Setelah protes kepada majelis hakim, Ba'asyir akhirnya tak dibawa dengan kendaraan rantis jenis Barracuda ke Pengadilan Negeri Jakarta Selatan, Kamis (24/2/2011). Kali ini, Ba'asyir dibawa dari Rutan Bareskrim Polri dengan bus tahanan milik Kejaksaan Tinggi DKI Jakarta. Meski tak dibawa dengan Barracuda, pengamanan terhadap Amir Jamaah Anshorud Tauhid (JAT) itu tetap ekstra ketat. Dua Barracuda tetap mengawal bus tahanan serta satu bus Mabes Polri yang mengangkut tim jaksa penuntut umum. Puluhan anggota Densus 88 Anti Teror ikut dalam iring-iringan.

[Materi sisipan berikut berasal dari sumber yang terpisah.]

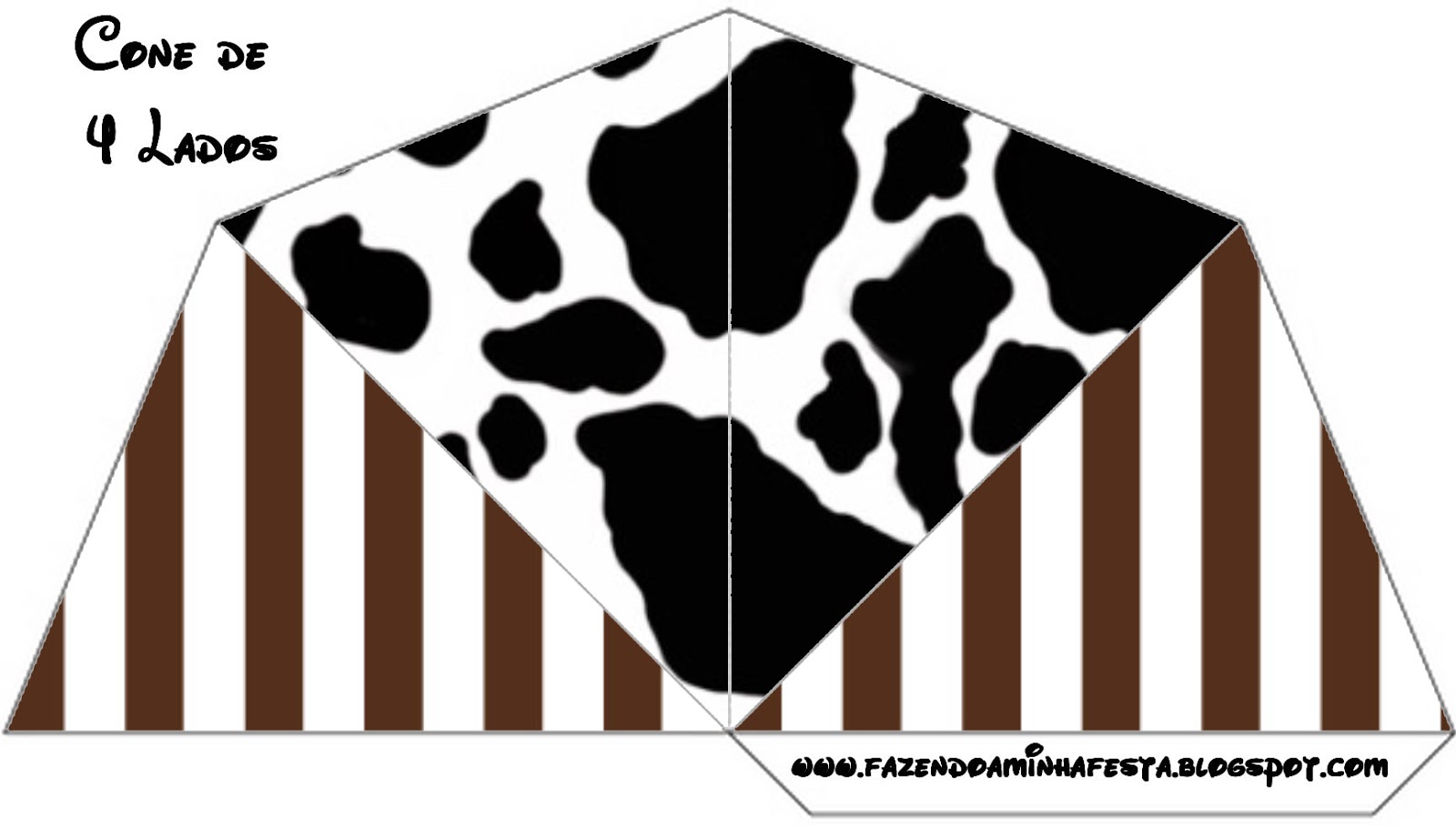 Cone Guloseimas 4 lados Fundo Vaquinha e Listras Marrom:

Seperti diketahui, Ba'asyir meminta agar dirinya tak dibawa dengan Barracuda. Selain sulit naik dan turun kendaraan, menurut Ba'asyir, dibawanya ia dengan Barracuda adalah rekayasa Densus 88 Anti Teror. "Seolah-olah sidang saya sidang yang sangat besar," ucap pengasuh Pondok Pesantren Mukmin, Ngruki, Solo itu.
Sedianya, Ba'asyir maupun tim pengacaranya akan menyampaikan eksepsi atau bantahan dakwaan jaksa pada sidang hari ini. Ba'asyir didakwa terlibat pelatihan militer kelompok teroris di Aceh dan perampokan Bank CIMB Niaga dan Warnet di Medan, Sumatera Utara.

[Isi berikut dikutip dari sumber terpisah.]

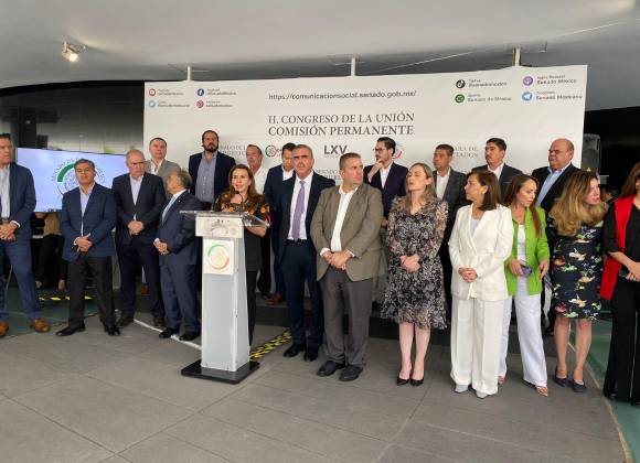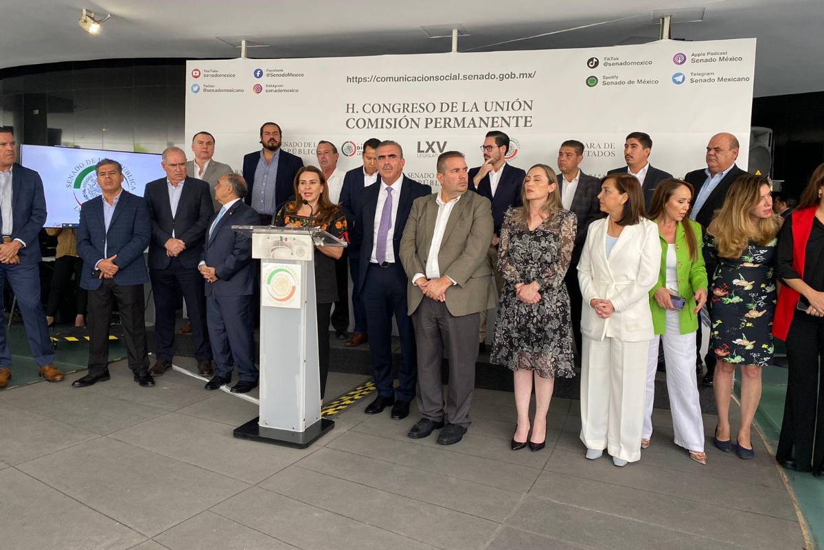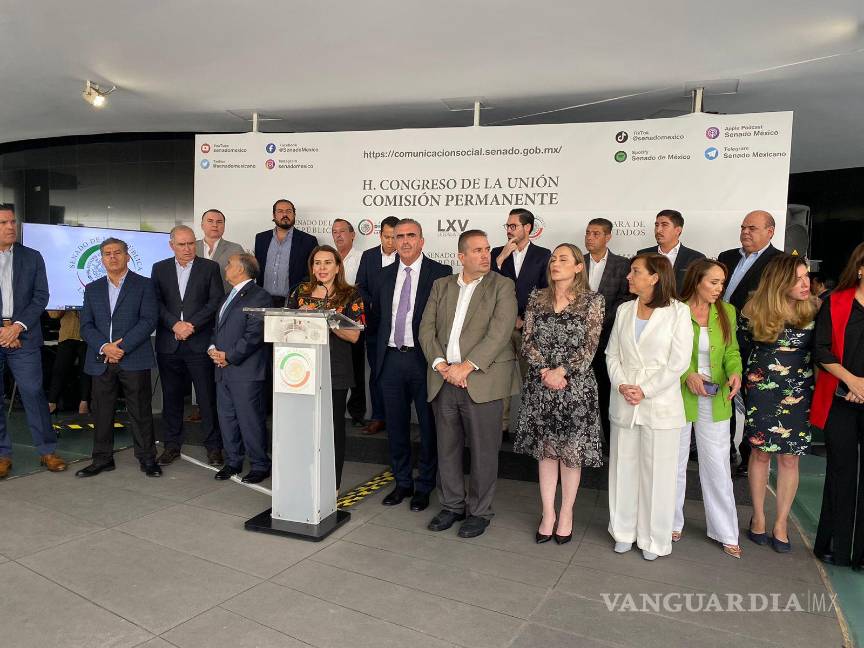 Los presidentes municipales que integran el “Pacto Nuevo León” ofrecieron una rueda de prensa en el Senado de la República, este miércoles.

Ratusan pendukung Ba'asyir seperti dari kelompok JAT melakukan aksi di halaman dan luar PN Jaksel. Awalnya, mereka mencoba masuk ke dalam gedung pengadilan. Namun, mereka tak dapat masuk lantaran tak mampu lagi menampung.
"Ustad membacakan sendiri, dari pihak pengacara juga membacakan," kata salah satu pengacara Baasyir, M Assegaf, saat dihubungi Kantor Berita VIVAnews.com, Rabu malam 23 Februari 2011.
Assegaf mengungkapkan, Ba'asyir akan membacakan eksepsi setebal 30 sampai 40 halaman. Selain itu pihak pengacara juga menyiapkan nota keberatan.
Ba'asyir akan membacakan keberatannya sekitar pukul 09.00 WIB di Pengadilan Negeri Jakarta Selatan. Lebih lanjut Assegaf mengatakan, tim kuasa hukum akan menyinggung soal dakwaan jaksa yang menuding Baasyir sebagai teroris.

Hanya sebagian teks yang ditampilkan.